REQUIRED WORK:
Go through the listing below and show each line that has the word "logo".

· · · ·

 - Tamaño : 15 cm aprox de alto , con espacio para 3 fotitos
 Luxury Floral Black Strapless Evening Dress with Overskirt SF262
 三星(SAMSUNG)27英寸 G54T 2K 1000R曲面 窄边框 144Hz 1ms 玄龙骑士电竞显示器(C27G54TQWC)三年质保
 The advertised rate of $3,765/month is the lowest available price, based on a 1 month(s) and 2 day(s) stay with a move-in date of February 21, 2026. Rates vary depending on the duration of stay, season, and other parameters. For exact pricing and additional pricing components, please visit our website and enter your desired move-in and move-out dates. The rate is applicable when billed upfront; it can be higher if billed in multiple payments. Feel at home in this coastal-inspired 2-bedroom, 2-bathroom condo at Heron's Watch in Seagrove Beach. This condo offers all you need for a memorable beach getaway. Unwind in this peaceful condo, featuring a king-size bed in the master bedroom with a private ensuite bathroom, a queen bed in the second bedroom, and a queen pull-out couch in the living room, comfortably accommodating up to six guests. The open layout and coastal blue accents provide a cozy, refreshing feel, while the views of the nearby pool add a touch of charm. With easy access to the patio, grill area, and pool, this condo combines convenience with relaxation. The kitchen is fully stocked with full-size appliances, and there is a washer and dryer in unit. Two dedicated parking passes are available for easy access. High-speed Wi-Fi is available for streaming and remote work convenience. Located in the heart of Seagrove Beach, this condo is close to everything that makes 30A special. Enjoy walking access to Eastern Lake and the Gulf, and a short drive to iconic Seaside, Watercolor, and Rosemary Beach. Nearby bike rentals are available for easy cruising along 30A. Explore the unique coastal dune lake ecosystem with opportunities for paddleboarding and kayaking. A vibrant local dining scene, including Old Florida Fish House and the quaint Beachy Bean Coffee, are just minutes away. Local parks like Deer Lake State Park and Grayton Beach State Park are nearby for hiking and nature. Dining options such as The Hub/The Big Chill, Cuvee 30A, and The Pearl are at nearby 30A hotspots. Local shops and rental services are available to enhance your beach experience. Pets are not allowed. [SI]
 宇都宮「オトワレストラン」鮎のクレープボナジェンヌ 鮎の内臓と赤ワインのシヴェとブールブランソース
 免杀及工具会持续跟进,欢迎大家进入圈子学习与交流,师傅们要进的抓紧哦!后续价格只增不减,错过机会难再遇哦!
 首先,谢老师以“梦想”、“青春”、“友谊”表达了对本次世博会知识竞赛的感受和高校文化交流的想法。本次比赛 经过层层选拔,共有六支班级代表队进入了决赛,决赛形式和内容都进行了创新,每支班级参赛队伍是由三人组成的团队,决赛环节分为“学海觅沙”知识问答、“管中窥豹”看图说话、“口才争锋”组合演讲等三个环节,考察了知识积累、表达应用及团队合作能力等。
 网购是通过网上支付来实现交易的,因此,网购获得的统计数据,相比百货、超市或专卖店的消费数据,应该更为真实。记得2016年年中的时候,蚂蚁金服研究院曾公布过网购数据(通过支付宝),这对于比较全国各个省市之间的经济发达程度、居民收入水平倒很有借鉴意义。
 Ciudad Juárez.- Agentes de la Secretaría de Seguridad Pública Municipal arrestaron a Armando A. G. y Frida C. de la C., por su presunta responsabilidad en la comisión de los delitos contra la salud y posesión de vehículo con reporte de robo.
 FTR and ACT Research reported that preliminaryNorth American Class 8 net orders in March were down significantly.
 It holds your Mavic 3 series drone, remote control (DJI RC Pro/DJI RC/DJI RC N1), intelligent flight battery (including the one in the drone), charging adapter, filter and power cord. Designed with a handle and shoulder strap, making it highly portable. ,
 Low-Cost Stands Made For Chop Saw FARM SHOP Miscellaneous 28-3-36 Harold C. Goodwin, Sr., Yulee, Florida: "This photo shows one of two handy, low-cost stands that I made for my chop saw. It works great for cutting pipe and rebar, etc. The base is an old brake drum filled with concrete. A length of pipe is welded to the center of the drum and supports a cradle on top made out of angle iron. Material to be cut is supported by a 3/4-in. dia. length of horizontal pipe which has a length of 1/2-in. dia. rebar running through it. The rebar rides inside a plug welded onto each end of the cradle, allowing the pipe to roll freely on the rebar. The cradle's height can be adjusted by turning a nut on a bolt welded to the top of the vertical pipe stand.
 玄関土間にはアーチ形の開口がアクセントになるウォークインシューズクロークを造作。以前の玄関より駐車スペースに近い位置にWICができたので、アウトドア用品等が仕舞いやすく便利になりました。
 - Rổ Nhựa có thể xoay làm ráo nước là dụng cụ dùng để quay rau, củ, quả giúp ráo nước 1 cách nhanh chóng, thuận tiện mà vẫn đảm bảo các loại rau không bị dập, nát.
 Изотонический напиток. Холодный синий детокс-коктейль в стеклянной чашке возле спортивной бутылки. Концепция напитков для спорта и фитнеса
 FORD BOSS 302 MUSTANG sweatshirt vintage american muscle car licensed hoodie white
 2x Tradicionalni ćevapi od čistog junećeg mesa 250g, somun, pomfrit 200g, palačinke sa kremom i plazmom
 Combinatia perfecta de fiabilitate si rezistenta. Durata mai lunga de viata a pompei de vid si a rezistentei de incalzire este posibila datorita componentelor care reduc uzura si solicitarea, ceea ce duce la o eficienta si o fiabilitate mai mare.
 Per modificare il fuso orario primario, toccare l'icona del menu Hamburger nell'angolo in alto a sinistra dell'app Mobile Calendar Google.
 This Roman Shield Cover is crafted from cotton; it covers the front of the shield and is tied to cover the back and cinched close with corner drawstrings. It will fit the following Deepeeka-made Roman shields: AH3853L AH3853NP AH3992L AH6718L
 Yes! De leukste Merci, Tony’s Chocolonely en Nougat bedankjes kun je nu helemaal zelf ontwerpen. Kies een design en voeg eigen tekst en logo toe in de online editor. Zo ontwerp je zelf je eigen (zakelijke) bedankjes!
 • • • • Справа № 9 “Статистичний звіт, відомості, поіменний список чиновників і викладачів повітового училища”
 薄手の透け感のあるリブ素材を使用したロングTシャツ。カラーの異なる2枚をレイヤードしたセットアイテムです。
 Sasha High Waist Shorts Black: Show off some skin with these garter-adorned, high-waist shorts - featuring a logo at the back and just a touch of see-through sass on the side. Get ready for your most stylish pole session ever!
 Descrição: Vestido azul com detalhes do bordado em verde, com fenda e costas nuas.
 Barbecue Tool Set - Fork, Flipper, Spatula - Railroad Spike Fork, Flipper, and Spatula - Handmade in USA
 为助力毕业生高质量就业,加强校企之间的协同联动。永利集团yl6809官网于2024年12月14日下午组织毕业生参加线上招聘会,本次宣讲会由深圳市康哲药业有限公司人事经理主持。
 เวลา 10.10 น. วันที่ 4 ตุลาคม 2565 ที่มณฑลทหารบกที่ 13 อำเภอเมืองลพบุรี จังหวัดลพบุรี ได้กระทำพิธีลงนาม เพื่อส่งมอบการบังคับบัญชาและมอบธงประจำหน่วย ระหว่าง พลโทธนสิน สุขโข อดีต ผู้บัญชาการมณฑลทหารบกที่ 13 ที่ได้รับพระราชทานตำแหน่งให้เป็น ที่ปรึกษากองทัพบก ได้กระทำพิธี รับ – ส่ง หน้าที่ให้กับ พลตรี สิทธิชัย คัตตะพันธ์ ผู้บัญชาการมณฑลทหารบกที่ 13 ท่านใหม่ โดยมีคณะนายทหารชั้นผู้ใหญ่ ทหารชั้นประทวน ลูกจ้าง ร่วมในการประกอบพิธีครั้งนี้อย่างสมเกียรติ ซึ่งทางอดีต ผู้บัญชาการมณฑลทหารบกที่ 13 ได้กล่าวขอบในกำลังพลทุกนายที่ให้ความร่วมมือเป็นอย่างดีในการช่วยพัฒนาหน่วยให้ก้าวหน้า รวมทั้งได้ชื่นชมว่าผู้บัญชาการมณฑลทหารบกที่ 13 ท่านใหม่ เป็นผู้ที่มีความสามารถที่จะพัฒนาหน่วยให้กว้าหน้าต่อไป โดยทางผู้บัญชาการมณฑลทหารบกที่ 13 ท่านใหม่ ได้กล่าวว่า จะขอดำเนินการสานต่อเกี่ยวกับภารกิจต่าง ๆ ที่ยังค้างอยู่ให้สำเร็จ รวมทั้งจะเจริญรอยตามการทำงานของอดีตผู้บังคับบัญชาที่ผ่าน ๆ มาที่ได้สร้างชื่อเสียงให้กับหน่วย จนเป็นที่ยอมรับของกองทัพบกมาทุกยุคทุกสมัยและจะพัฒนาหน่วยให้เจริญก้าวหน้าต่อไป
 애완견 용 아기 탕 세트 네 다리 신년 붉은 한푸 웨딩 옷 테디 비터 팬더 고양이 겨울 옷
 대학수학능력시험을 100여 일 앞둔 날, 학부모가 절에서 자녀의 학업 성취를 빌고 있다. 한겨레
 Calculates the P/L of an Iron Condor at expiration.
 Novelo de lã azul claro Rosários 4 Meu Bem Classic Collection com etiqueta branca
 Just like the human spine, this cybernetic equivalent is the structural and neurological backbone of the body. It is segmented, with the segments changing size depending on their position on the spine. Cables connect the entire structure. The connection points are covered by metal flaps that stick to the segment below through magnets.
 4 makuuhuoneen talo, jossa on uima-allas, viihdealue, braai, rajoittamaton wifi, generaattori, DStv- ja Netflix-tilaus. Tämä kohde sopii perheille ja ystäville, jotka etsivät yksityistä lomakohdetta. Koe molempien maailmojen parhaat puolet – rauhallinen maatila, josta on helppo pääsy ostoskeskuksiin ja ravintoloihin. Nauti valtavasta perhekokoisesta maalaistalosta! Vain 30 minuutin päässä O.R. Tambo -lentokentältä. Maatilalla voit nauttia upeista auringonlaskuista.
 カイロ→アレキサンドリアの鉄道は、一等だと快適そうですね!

· · · ·

REPLY:
 Yes! De leukste Merci, Tony’s Chocolonely en Nougat bedankjes kun je nu helemaal zelf ontwerpen. Kies een design en voeg eigen tekst en logo toe in de online editor. Zo ontwerp je zelf je eigen (zakelijke) bedankjes!
 Sasha High Waist Shorts Black: Show off some skin with these garter-adorned, high-waist shorts - featuring a logo at the back and just a touch of see-through sass on the side. Get ready for your most stylish pole session ever!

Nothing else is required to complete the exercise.